Djallel est aussi nuancé dans la 2nde partie du film grâce l’apparition du personnage de Elodie Bouchez. Cette dernière avait à mes yeux un caractère plutôt irrespectueux dans son interprétation lorsqu’elle s’adonnait à imiter une personne dans une situation de folie. En général le film me paraissait plutôt immoral lorsqu’il souhaitait créer une facette humoristique des différents personnages jouant des internés. Surtout lorsque l’on voit plutôt clairement que ce sont des acteurs. Mise à part cela, le jeu de Elodie Bouchez se dissipe et devient hétérogène a l’enjeu naturaliste dont le film tente d’illustrer. De cela, naît une ambiguïté complexe chez ce personnage chez le son personnage et sa relation avec Djallel. Cela donne un effet de fardeau agréable. La situation entre ces deux protagonistes est complexe et de là découle une sorte de jouissance. Du moins Kechiche crée une situation plus que troublante qu’il ponctue par des scènes d’une longueur souvent affligeante, qui procure du malaise ou parfois de l’amour assez naturel finalement. Lorsque quémande Lucie du sex à Djallel qui n’aurait pas été dans une situation de questionnement. De là se décerne une œuvre intelligente qui fait perdre repère au spectateur, comment aurait-on appréhendé le cas d’une relation telle, qui aurait supporter cela ou qui aurait résisté. Enfin bref je trouve que l’on est devant une relation très réussie qui fait du bien aux deux protagonistes tant sur le jeu ou sur le rôle qui leur ai attribué.

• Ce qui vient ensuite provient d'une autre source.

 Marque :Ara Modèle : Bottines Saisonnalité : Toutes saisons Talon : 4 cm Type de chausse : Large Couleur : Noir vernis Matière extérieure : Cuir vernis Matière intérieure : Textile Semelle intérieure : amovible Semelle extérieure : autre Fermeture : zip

Finalement, Kechiche conclut son film à travers la concrétisation d’un microcosme constitué de différents marginaux. Ces scènes de fin illustrent bien la façon dont une classe sociale (dans ce cas ci on ne peut pas vraiment affirmer que c’est une classe mais bon) peut aussi renverser le principe de faire nation. Cela se renforce par la fin abrupte qui signifie que finalement il n’y pas d’acceptation sur ce territoire.

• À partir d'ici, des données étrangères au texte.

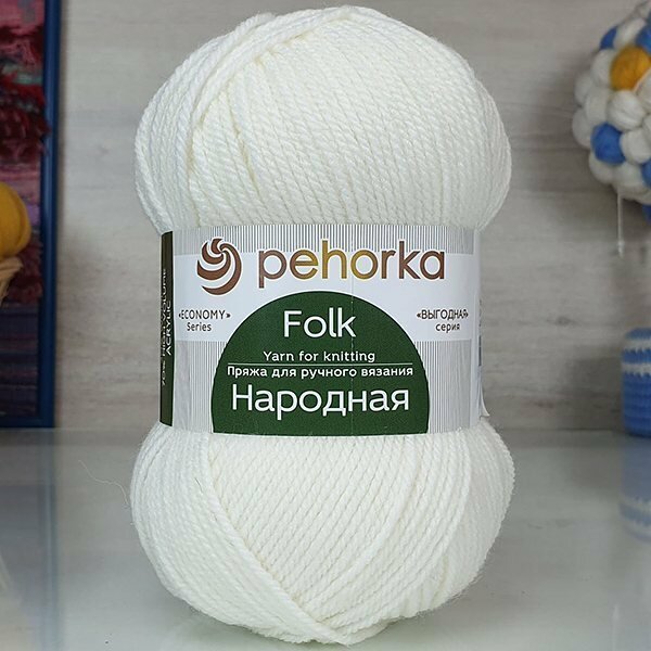 Пряжа Пехорка Народная белый (001), 70%акрил/30%шерсть, 220м, 100г, 1шт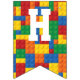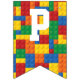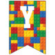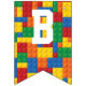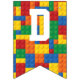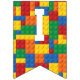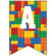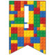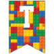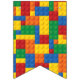 Colourful construction building block toys happy birthday bunting banner. A great bunting banner for a boy's birthday party where interlocking construction toy building blocks are the theme. You can change the happy birthday message is you want.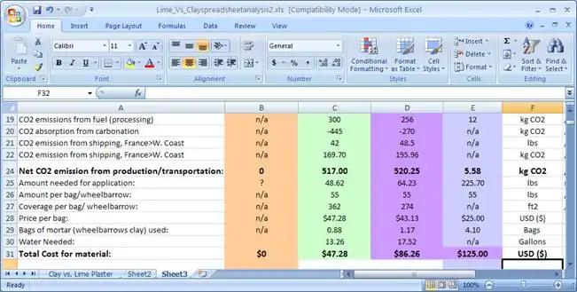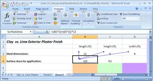 Instructions for using the Lime vs Clay Spreadsheet Analysis: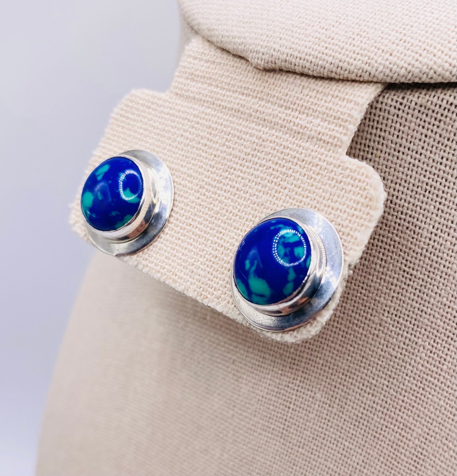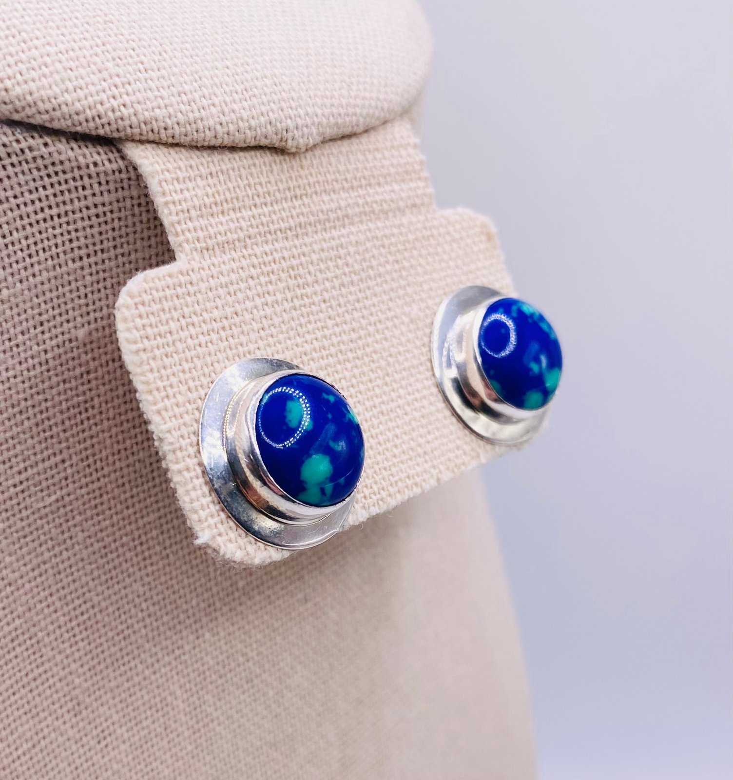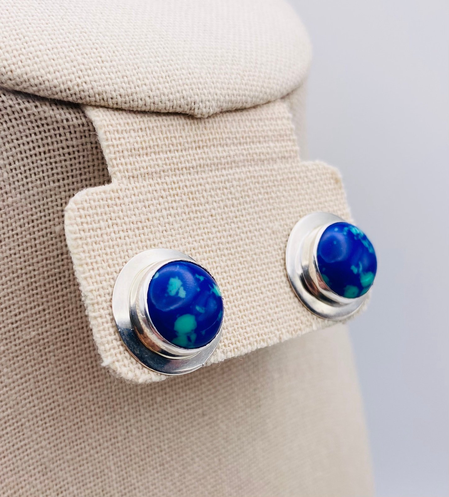 Artisan Signed Inca Zaranda Azurite Malachite Sterling Silver Shield Earrings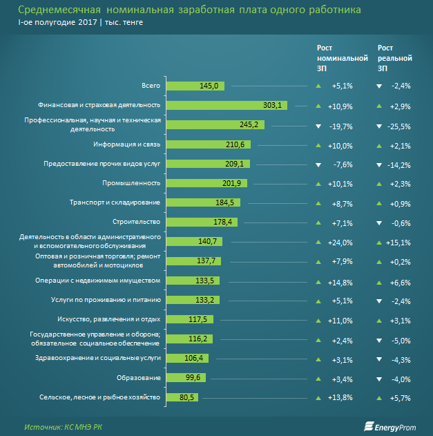Примечательно что, несмотря на курс страны на модернизацию и цифровизацию, сильнее всего ощутили снижение покупательской способности зарплат сотрудники профессиональной научной и технической сферы деятельности (-25,5% год-к-году). Номинальная заработная плата в научно-технических отраслях сократилась до 245,17 тыс. тг по итогам I полугодия, это на 19,7% меньше, чем в аналогичном периоде 2016.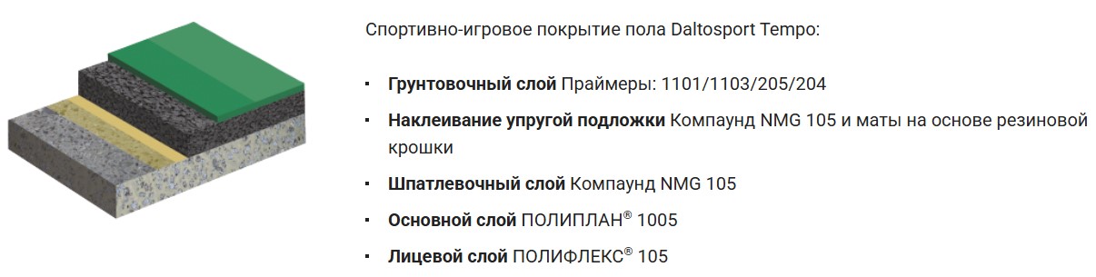 Одним из ключевых материалов обучения стала система Daltosport Tempo — наливное полиуретановое покрытие, которое монтируется на упругую рулонную подложку из резиновой крошки. Толщина покрытия начинается от 9 мм, что обеспечивает отличную амортизацию и долговечность.

Ainsi, s’achève cette premier œuvre qui est finalement bien identifiable comme sa première. Les acteurs sont un des premiers indices de cela. Kechiche et plus confus dans leurs directions certaines en font trop et bien sûr le jeu naturaliste qu’il y’aura dans ses suivants sera bien plus affiné. D’autant plus que c’est le commencement d’une utilisation de certains personnages secondaires qui seront réutilisés dans ses prochains films (Bruno Lochet, Carole Franck…). Alors leurs têtes se sont assimilées chez moi et j’identifie qu’il s’agit d’un acteur lors des différents films.
Tout cela affiche un premier film qui malgré tout, témoigne de l’avènement d’un cador du cinéma français (et mondial) du 21ème siècle.